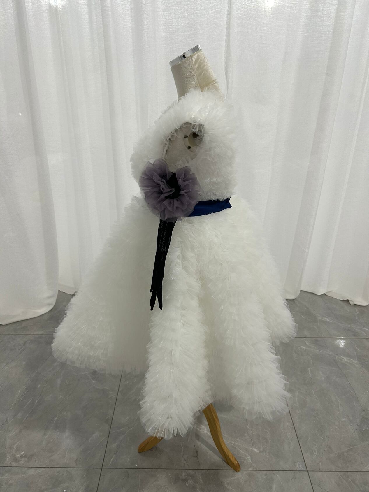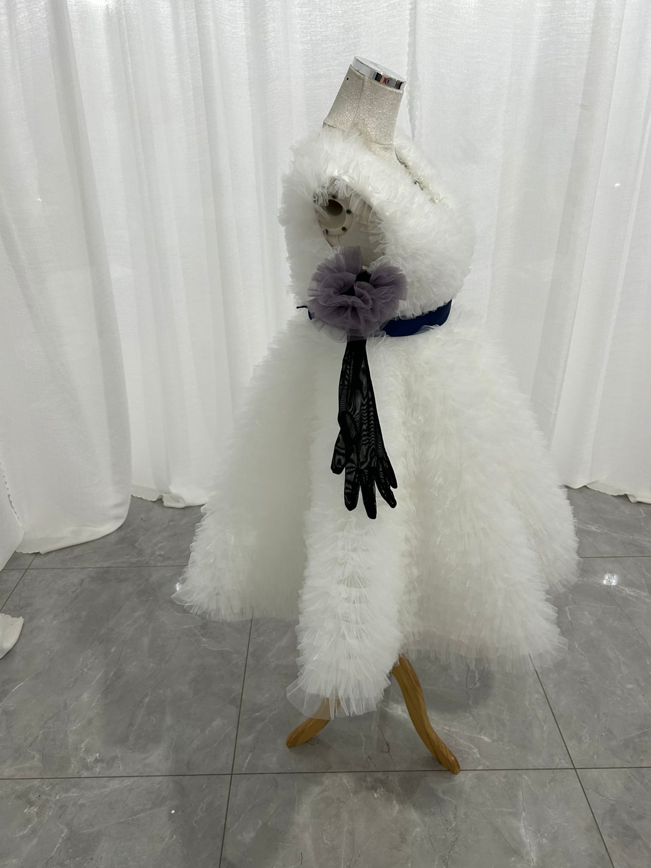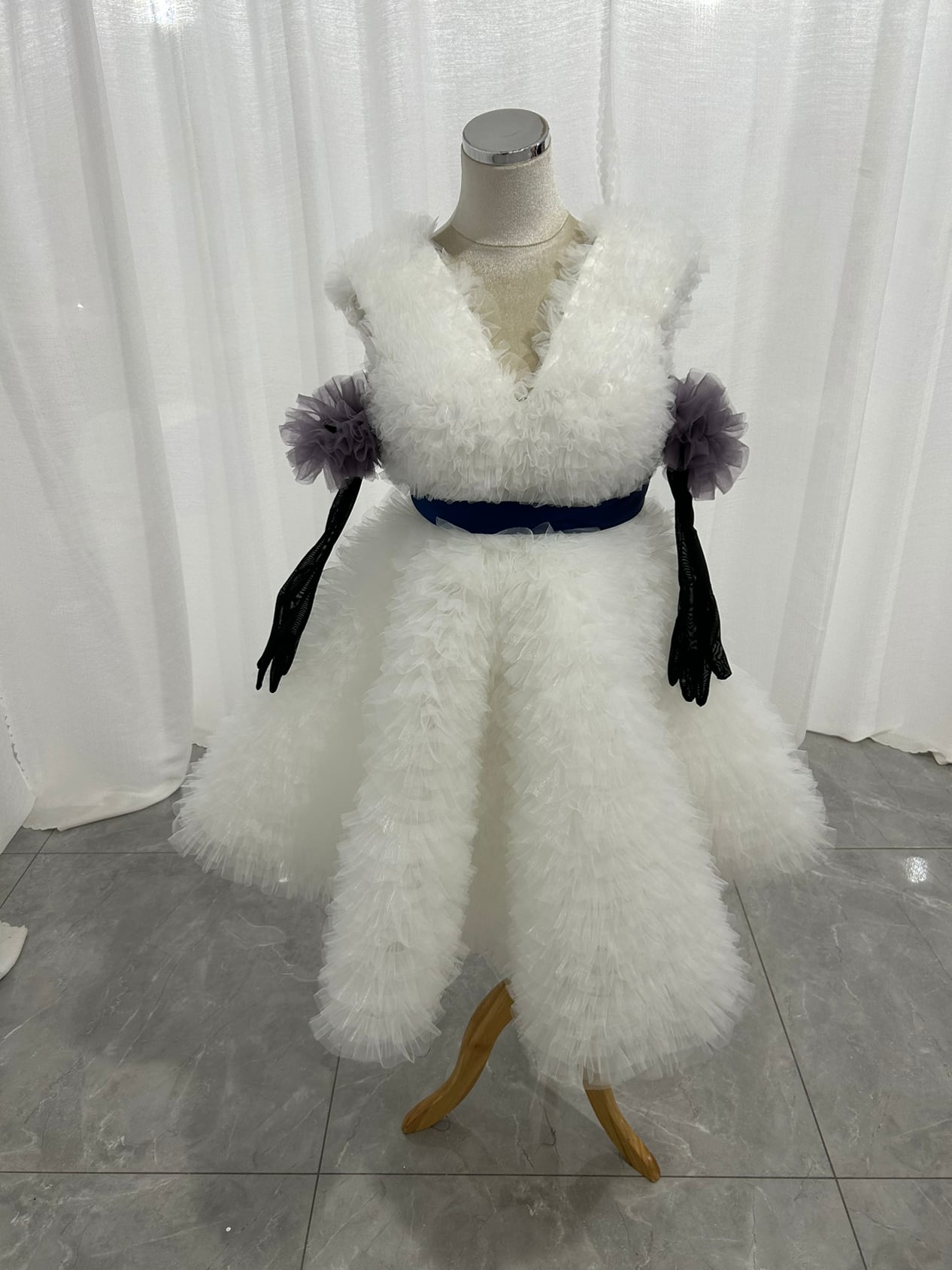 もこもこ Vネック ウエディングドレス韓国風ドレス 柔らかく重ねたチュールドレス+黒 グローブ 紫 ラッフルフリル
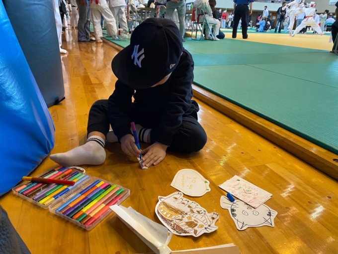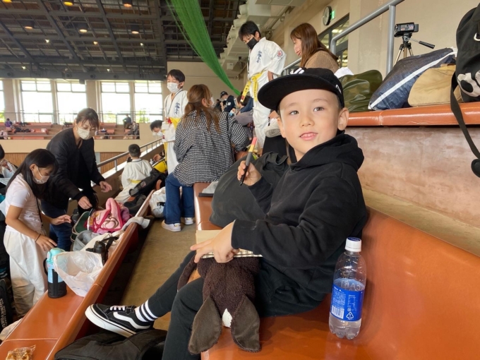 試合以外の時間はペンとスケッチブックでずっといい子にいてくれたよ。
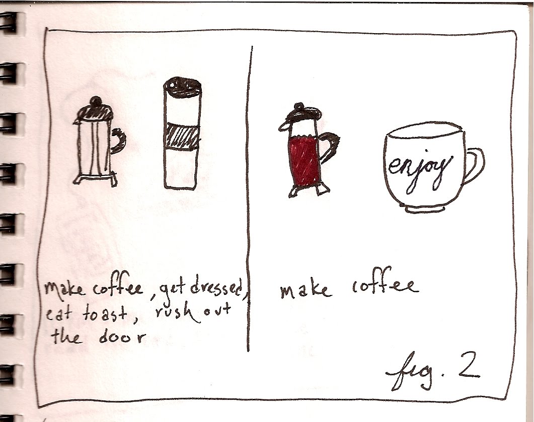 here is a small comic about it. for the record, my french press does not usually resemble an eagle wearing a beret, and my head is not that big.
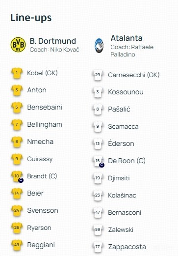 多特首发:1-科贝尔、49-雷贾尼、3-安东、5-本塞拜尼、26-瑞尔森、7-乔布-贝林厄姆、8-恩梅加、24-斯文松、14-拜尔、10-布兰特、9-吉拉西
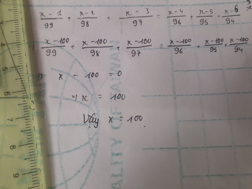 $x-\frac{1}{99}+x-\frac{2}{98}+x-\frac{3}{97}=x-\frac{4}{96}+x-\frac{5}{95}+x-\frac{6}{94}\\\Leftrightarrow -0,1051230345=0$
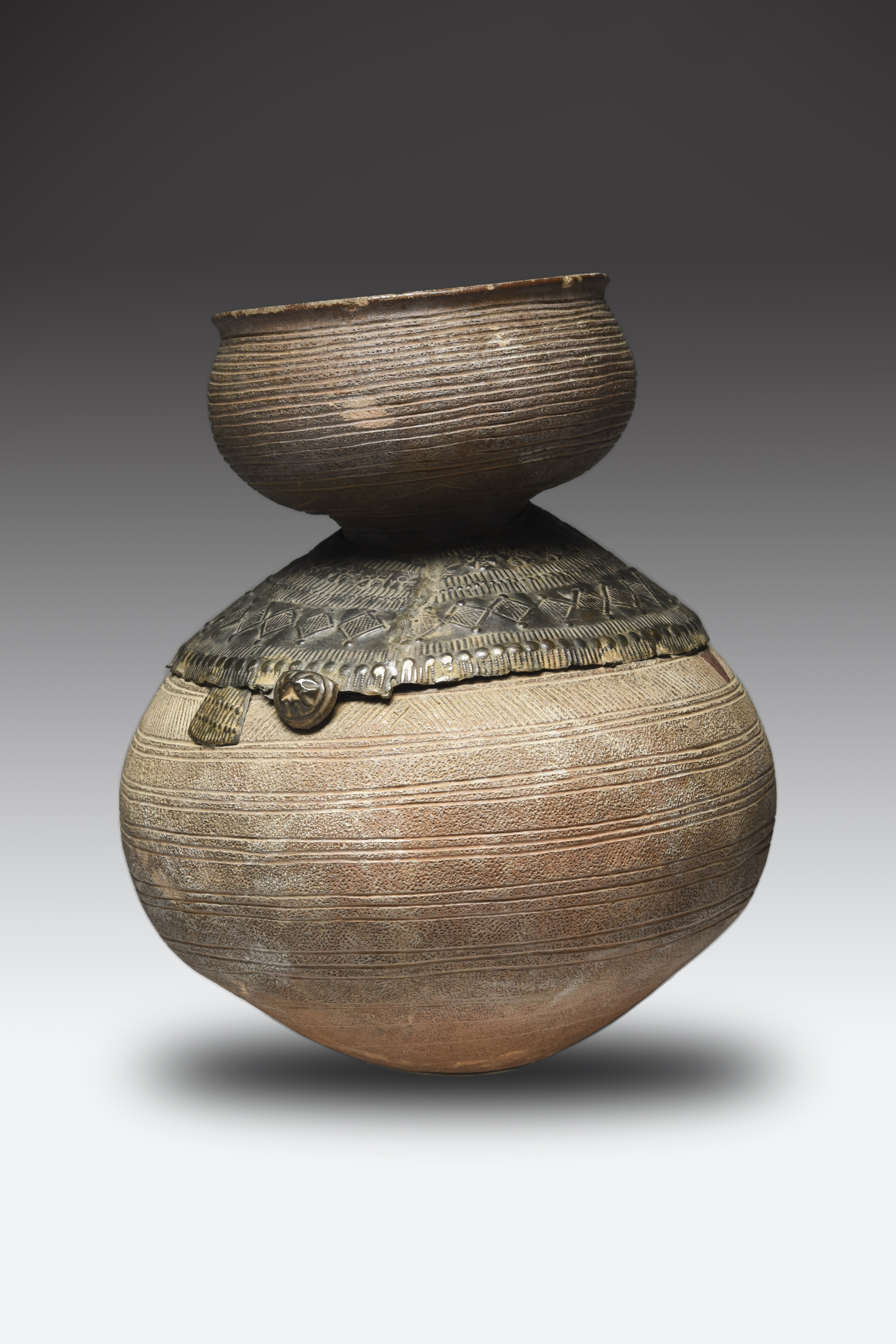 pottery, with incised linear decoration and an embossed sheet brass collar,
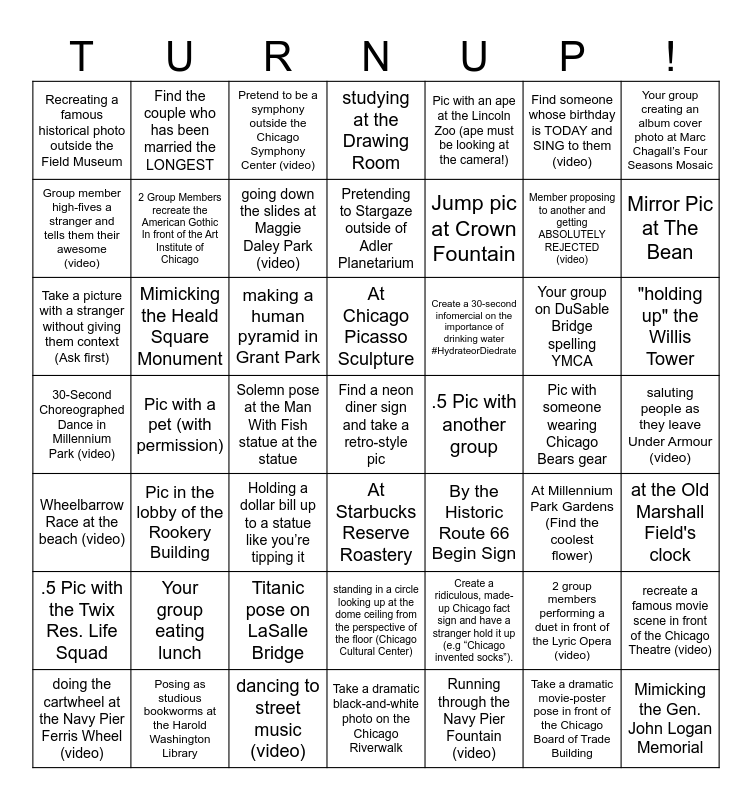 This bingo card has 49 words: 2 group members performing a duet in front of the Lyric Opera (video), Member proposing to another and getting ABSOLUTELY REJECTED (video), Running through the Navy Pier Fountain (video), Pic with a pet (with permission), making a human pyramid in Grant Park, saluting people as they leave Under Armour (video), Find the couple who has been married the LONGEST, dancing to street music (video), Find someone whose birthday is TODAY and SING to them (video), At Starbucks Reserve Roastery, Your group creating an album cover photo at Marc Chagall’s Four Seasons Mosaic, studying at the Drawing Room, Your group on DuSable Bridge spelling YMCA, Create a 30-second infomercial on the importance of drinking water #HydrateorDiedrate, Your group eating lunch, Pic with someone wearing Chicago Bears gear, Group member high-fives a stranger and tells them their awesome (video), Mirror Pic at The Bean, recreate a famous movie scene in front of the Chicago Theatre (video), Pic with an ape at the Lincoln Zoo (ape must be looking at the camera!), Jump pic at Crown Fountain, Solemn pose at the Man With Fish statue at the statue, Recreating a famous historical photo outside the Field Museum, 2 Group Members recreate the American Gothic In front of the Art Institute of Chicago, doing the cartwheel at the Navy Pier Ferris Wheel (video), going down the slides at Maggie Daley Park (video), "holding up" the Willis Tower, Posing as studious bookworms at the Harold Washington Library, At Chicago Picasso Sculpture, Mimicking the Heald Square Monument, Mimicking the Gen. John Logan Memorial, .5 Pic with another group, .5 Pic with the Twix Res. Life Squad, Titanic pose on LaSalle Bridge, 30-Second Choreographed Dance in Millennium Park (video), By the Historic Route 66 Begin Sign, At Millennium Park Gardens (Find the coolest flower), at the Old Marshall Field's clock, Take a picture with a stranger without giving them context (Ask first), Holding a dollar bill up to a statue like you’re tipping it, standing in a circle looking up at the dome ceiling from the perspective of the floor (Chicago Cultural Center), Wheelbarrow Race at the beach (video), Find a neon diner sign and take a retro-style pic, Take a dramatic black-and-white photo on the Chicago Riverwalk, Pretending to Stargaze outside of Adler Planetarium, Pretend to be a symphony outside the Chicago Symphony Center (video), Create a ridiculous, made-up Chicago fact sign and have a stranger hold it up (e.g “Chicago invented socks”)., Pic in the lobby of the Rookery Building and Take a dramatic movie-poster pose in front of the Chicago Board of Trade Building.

= = = = =

● **Problem details**
Copy out the listing above from the line containing "多特首发:1-科贝尔、49-雷贾尼、3-安东、5-本塞拜" to the line containing "pottery, with incised", both included, exactly as written and minus the images.

● **Output below**
 多特首发:1-科贝尔、49-雷贾尼、3-安东、5-本塞拜尼、26-瑞尔森、7-乔布-贝林厄姆、8-恩梅加、24-斯文松、14-拜尔、10-布兰特、9-吉拉西
 $x-\frac{1}{99}+x-\frac{2}{98}+x-\frac{3}{97}=x-\frac{4}{96}+x-\frac{5}{95}+x-\frac{6}{94}\\\Leftrightarrow -0,1051230345=0$
 pottery, with incised linear decoration and an embossed sheet brass collar,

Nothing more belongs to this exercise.